Here's the last quote in the paper that I was able to follow (the rest of the paper is a lot of physics/maths that require a more thorough reading than I have time for):
The implication of such a description, as we have suggested in Section (1), is that Poincare recurrences are inevitable. Starting in a high entropy, “dead” configuration, if we wait long enough, a fluctuation will eventually occur in which the inflaton will wander up to the top of its potential, thus starting a cycle of inflation, re–heating, conventional cosmology and heat death.

As best I understand, this is saying that the universe as it is may just be a hiccup in the vast nothingness

Just for comparison, the best human engineering example is the Gravity Wave Telescope, which was built with a precision of 23 zeros. The Designer, the 'external agent' that caused our universe must possess an intellect, knowledge, creativity and power trillions and trillions of times greater than we humans have.

Absolutely amazing.

Not really. We already know that humans didn't create the universe. The leap to God the Designer is still completely unfounded. This is just argument from incredulity.

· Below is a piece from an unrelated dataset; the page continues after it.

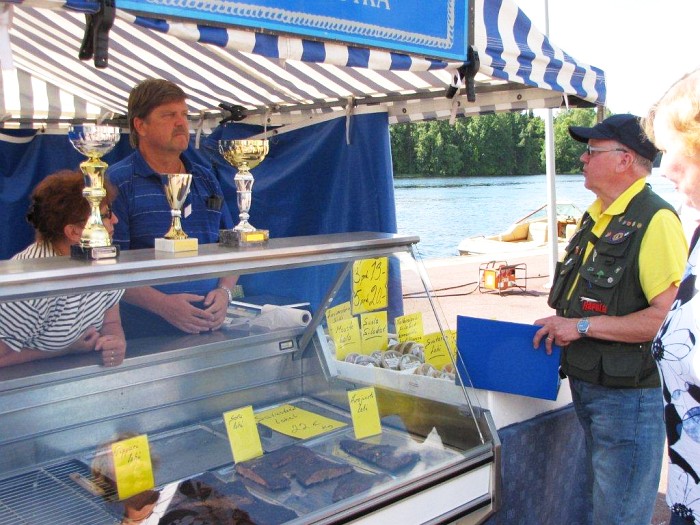 kerta mukana ollut kalatuotteiden myyjä lauantai-illan hauskassa

Now a person who doesn't believe in God has to find some way to explain this. One of the more common explanations seems to be "There was an infinite number of universes, so it was inevitable that things would have turned out right in at least one of them."

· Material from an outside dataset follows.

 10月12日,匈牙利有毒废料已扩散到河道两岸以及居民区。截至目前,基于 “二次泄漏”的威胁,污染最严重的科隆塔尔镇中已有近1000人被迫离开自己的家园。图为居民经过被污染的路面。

The "infinite universes" theory is truly an amazing theory. Just think about it, if there is an infinite number of universes, then absolutely everything is not only possible...It's actually happened!

It means that somewhere, in some dimension, there is a universe where the Chicago Cubs won the World Series last year. There's a universe where Jimmy Hoffa doesn't get
cement shoes; instead he marries Joan Rivers and becomes President of the United States. There's even a universe where Elvis kicks his drug habit and still resides at Graceland and sings at concerts. Imagine the possiblities!

Non-sequitur, the paper he quotemines has nothing to do with multiple universes. I don't know much about multiple universe hypotheses, but I do know that the real ones aren't like the Marvel Comics version Mr Marshall describes. And even if his implications are true, we don't have Reed Richards to build a device to let us go vist.

I might sound like I'm joking, but actually I'm dead serious. To believe an infinite number of universes made life possible by random chance is to believe everything else I just said, too.

Some people believe in God with a capital G.

And some folks believe in Chance with a Capital C.

Whatever. But if you don't believe the multiple universe theory (which I pretty much don't), "I don't know" is still a better answer than "Goddidit". I call false dichotomy.

Tomorrow's installment: "If you can read this email,
I can prove to you that God exists." Sound a little bold?
Tune in tomorrow - same time, same station.

Respectfully Submitted,

Perry Marshall

This is starting to get boring. Weak analogies, blatant quote mining, incredulity and false dichotomies. What, no argument from authority today? Oh, wait! That must be why he claimed the authors were atheists.